29. A non-invasive method of calculating a Molecular International Prognostic Scoring System (IPSS-M) risk score for a subject suffering from a bone marrow malignancy, the method comprising: a. predicting the percentage of blasts in the bone marrow of said subject by a method of any one of claims 17 to 28; b. detecting the presence of bone marrow mutations and karyotype abnormalities based on scRNA-seq reads from CD34 positive cells from peripheral blood of said subject; c. receiving hemoglobin levels, and platelet counts in peripheral blood from said subject; and d. calculating said IPSS-M risk score based on said predicted blast percentage, detected mutations and karyotyping and received hemoglobin levels and platelet counts; thereby calculating an IPSS-M risk score.

30. The method of claim 29, further comprising administering to said subject a treatment regimen based on said IPSS-M risk score, where in a subject with a higher score is administered a more intense treatment regimen and a subject with a lower score is administered a reduced treatment regimen.

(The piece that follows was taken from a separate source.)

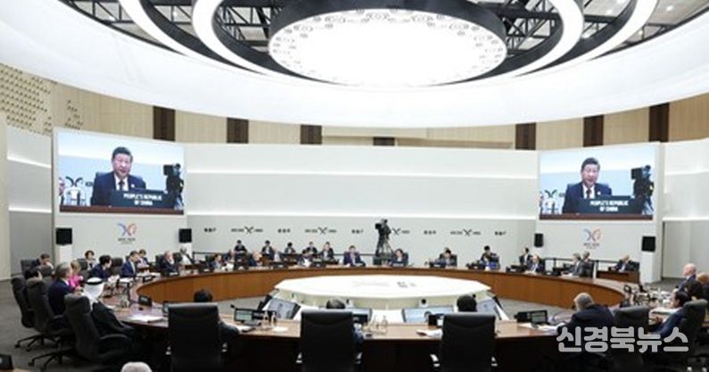[신경북뉴스] (한국 경주=신화통신) '제32차 아시아태평양경제협력체(APEC) 경제체 지도자회의' 제1세션이 31일 오전 경주 화백컨벤션센터에서 열렸다. 시진핑(習近平) 중국 국가주석은 이날 회의에 참석해 '보혜·포용의 개방형 아시아태평양 경제를 공동 건설하자'는 제목의 중요 연설을 했다.

31. A system for evaluating bone marrow health in a subject, the system comprising: a scRNA sequencing device; a non-transitory memory device, wherein modules of instruction code are stored; and at least one processor associated with the memory device, and configured to execute the modules of instruction code, whereupon execution of said modules of instruction code, the at least one processor is configured to: obtain from said scRNA sequencing device single cell transcriptomes from CDpositive cells from peripheral blood of said subject produce a cellular dataset based on said obtained single cell transcriptomes analyze said produced cellular dataset in relation to a control dataset comprising a plurality of cellular datasets wherein each cellular dataset of said plurality is based on scRNA-seq of CD34 positive cells from peripheral blood of a healthy subject and output a finding of healthy bone marrow or pathology of the bone marrow in said subject based on deviation of said subject cellular dataset from said control dataset.

32. The system of claim 31, wherein said cellular dataset is a metacell model with similar transcriptomes from said obtained single cell transcriptomes clustered into metacells.